» Stored data:
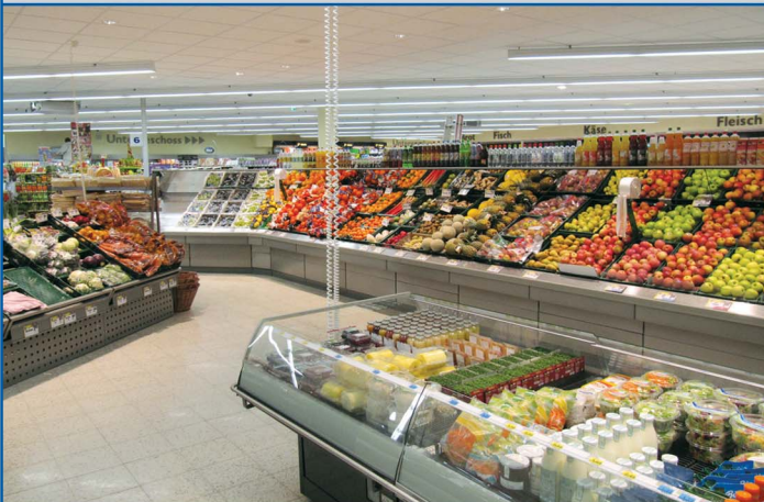
Teilansicht Obst- und Gemüseabteilung

Brandschadensanierung eines zweigeschossigen EDEKA-Lebensmittelmarktes, Kassel-Kirchditmold Hessenring Grundstücksgesellschaft mbH, Industriegebiet Pfieffewiesen, 34212 Melsungen 2012-2013 o. A. o. A. 0,50 Mio. € Bauherr Baujahr Nutzfläche Bruttorauminhalt Baukosten/Netto
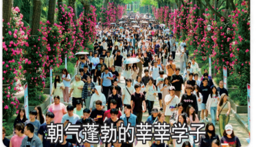
朝气蓬勃的莘莘学子
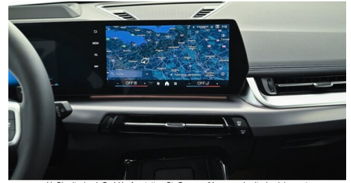
H. Slawitscheck GmbH - Amstetten-St. Georgen/Y. - www.slawitscheck.bmw.at
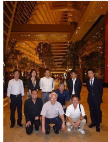
マリーナ・ベイ・サンズで県人会 メンバーと記念写真

シンガポールでのトランジットの時間に、シンガ ポール兵庫県人会（兵星会）幹部との懇談を行った。
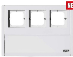
Reinweiß RAL 9010
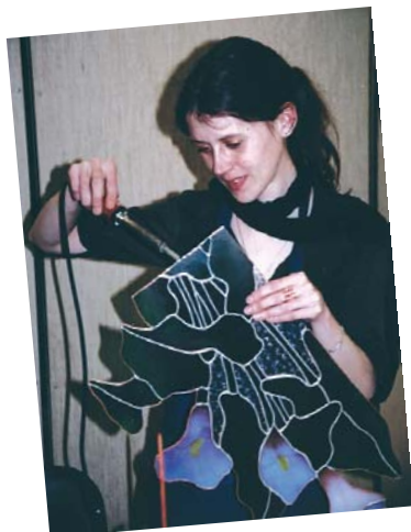
Il suffit parfois d'une démonstration technique pour décider d'une vocation. Celle, organisée par La Maison du Vitrail pendant la biennale, déploie des arguments de charme mais demeure ferme sur la précision du geste.

» PROBLEM STATEMENT: Keep the pictures out of your answer, which should be the lines from the one with "Reinweiß RAL 9010" through the final line of the data, copied exactly.

» ANSWER TO THE PROBLEM:
Reinweiß RAL 9010
Il suffit parfois d'une démonstration technique pour décider d'une vocation. Celle, organisée par La Maison du Vitrail pendant la biennale, déploie des arguments de charme mais demeure ferme sur la précision du geste.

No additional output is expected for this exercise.